CPUarchitect
Senior member
- Jun 7, 2011
- 223
- 0
- 0
Neither Haswell nor GK110 is out yet. But who needs the numbers when the technology speaks for itself? GPUs achieve a high theoretical throughput by using wide vector units with gather and FMA support. AVX2 offers the exact same features, but integrates them into the CPU cores themselves thus avoiding any heterogeneous latency overhead or bandwidth bottlenecks. The CPU also benefits from higher cache hit rates due to a lower thread count (in turn thanks to out-of-order execution).Your hypothesis sounds very interesting. Do you have some numbers to back it up? I'd like to see if an AVX2 CPU is faster at different typical parallel compute tasks than a compute optimized GPU (like GK110) at the same power and a comparable process node.
Either way I don't think GK110 can be included in a fair comparison.

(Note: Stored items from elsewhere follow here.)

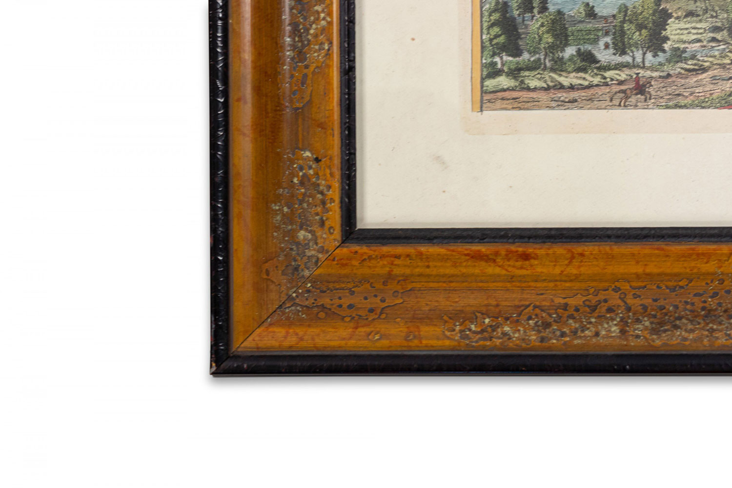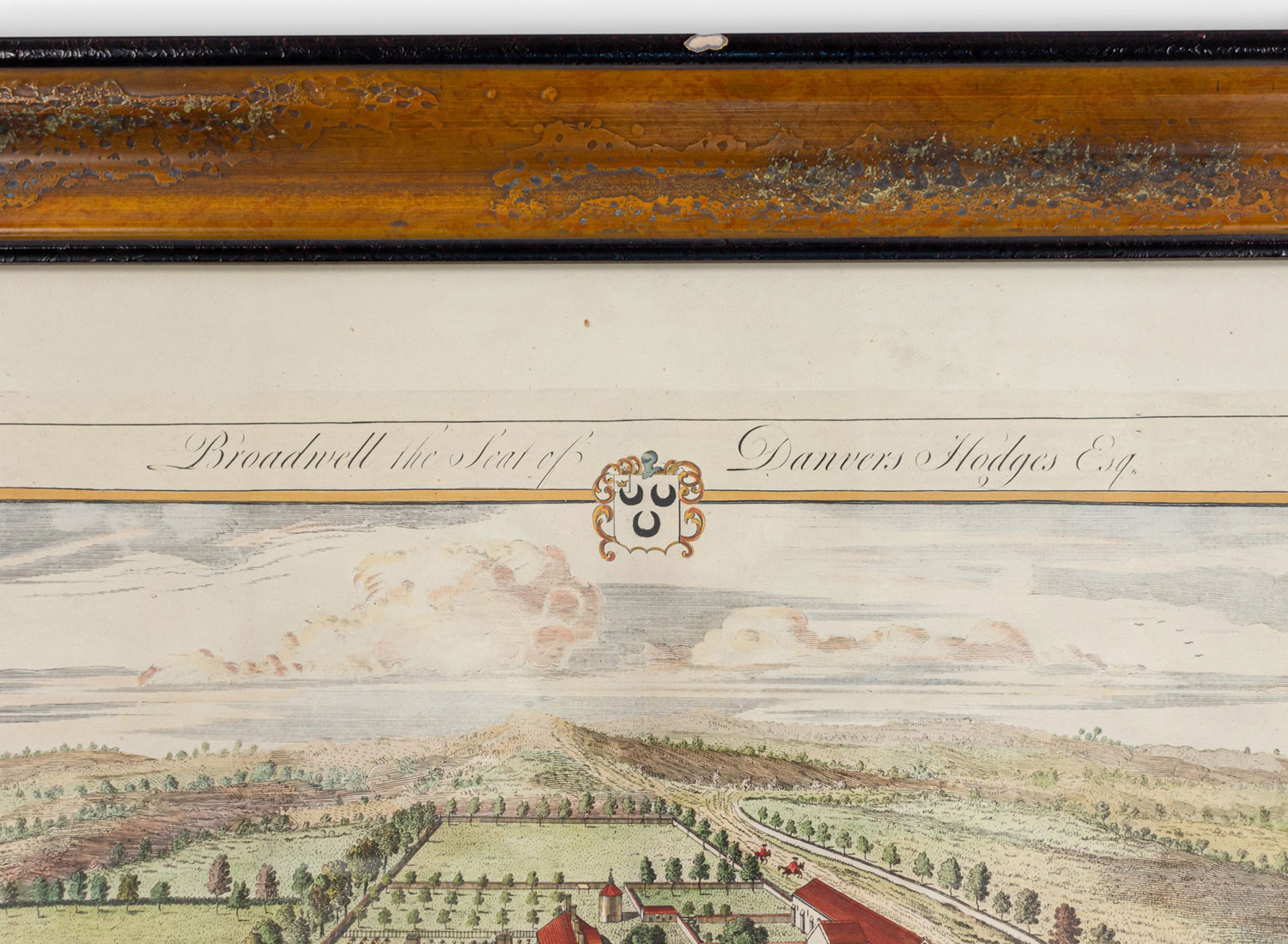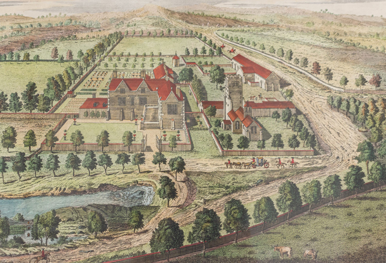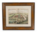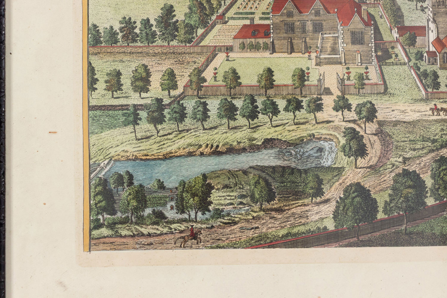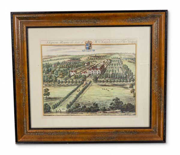 English Victorian color lithograph of the aerial view of an English estate in white matting and a rectangular wood & black trimmed frame (Companion piece: 062454)
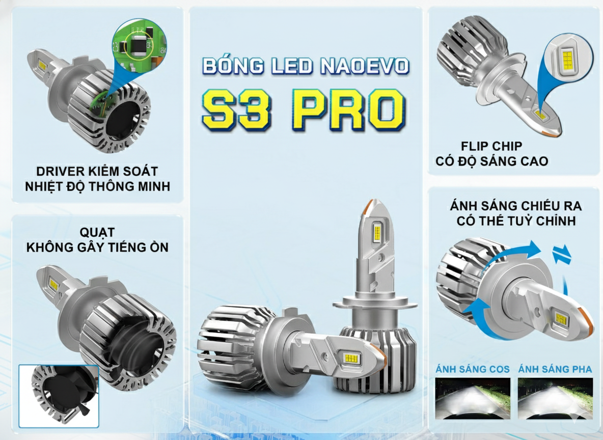 Naoevo S3 Pro là dòng bóng LED tầm trung cao cấp với thiết kế nhỏ gọn, hiệu suất chiếu sáng vượt trội và khả năng tương thích tốt với các dòng xe có hệ thống điện Canbus. Đây là lựa chọn tối ưu cho khách hàng muốn nâng cấp ánh sáng rõ rệt nhưng vẫn tối ưu chi phí.
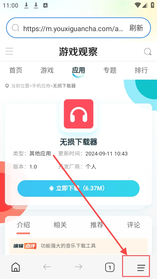1. 打开任意一个网页后,于屏幕右下角找寻并点击菜单按钮(图标为三条横线) 。

NVIDIA describes it as The Fastest, Most Efficient HPC Architecture Ever Built. Clearly this behemoth is not aimed at the average consumer. AVX2 on the other hand will be in every consumer desktop/laptop/ultrabook chip, starting with Intel but later also AMD, and a high likelihood of equivalent homogeneous throughput computing technology appearing for other architectures sooner or later.
Also note that a discrete GPU can't work by itself! It still needs a CPU, and so the power consumption of that CPU has to be taken into account as well. Therefore a fair comparison should test against APUs instead. See for instance these result: Handbrake OpenCL. The i7-2820QM is running the OpenCL code on the CPU, and outperforms the A10-4600M. With AVX2's doubling of the throughput and addition of gather support, the CPU should be able to greatly increase its lead.
A fair comparison also requires running optimized code. AVX2 can run OpenCL, but OpenCL is not aimed at homogeneous computing. It has restrictions to be able to run on the GPU. AVX2 can run more aggressively optimized code that doesn't have to live by OpenCL's restrictions. So homogeneous computing offers more capabilities than heterogeneous computing, enabling more applications than what the latter would be able to support.